Management of CWS, particularly the role of thrombolysis, remains a topic of debate. Initial treatment of CWS in the literature includes intravenous thrombolysis, anticoagulant therapy, antiplatelet drugs, and vasopressors; each targeting different proposed mechanisms of endothelial dysfunction or hypoperfusion [6,7]. While several case reports, including ours, document improvement after rTPA, larger retrospective studies have not shown a statistically significant difference between thrombolyzed and non-thrombolyzed patients [7]. It is important to note that most available studies on the treatment of CWS are retrospective, and randomized clinical trials have yet to be done. The recommended timing of rTPA in CWS is also not clearly stated in previous studies, but according to ESO and AHA/ASA guidelines, rTPA should be given 3-4.5 hours from stroke symptom onset or last known well [13,14]. In cases of CWS, the true ictus is still considered as the time of onset of the first episode of deficits. It is unclear whether the ictus can be reset to the time of the most recent episode. However, in a previous case report, rTPA was given to a patient with CWS 13 hours after the first episode and 80 minutes after the most recent episode, with notable symptom improvement [12]. It is up to the clinician’s assessment to give rTPA if these deficits are deemed disabling despite their fluctuations, such as aphasia or dense hemiplegia. MRI should ideally be done for CWS patients to be able to visualize if the CWS has already progressed into an infarct. However, in resource-limited areas where only a CT scan is available, as long as hemorrhage has been ruled out and there are no other contraindications, rTPA may be given. An additional factor that could influence treatment decisions in this case is premorbid frailty, given the older age of the patient.
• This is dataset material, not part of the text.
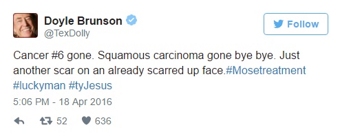 «Cancer #6 desaparecido. Carcinoma escamoso desaparecido, adiós. Solo otra cicatriz en mi ya muy cicatrizada cara. #hombreconsuerte #tyJesus»

Frailty has emerged as a significant predictor of outcomes following intravenous thrombolysis, with evidence suggesting that frail older adults experience higher rates of complications and reduced functional recovery [15]. Although the patient was 75 years old, she was functionally independent prior to her stroke, and there were no indications of significant premorbid frailty. This supported the decision to administer thrombolysis despite fluctuating symptoms.
To our knowledge, no previous literature has reported CWS presenting with cortical manifestations. Although the term “capsular warning syndrome” traditionally implies a capsular lesion, other warning syndromes, such as pontine warning syndrome, have been documented, demonstrating that the phenomenon is not confined to a single anatomical location [16]. Thus, clinicians should identify these atypical manifestations as warning syndromes, provided they meet the other criteria: three or more repetitive episodes of neurological deficits within 24-72 hours. Importantly, if these patients present at the emergency room within the therapeutic window, early consideration of thrombolysis may prevent irreversible neurological deficits despite fluctuations in symptom severity.
Conclusions
This case demonstrates that CWS can present with cortical deficits such as expressive aphasia, likely due to transient cortical hypoperfusion. The full reversal of aphasia after rTPA highlights the potential for recovery when reperfusion therapy is given promptly. Clinicians should recognize that atypical features do not exclude CWS as a diagnosis, and hence should consider thrombolysis for fluctuating but disabling symptoms to prevent permanent neurological deficits.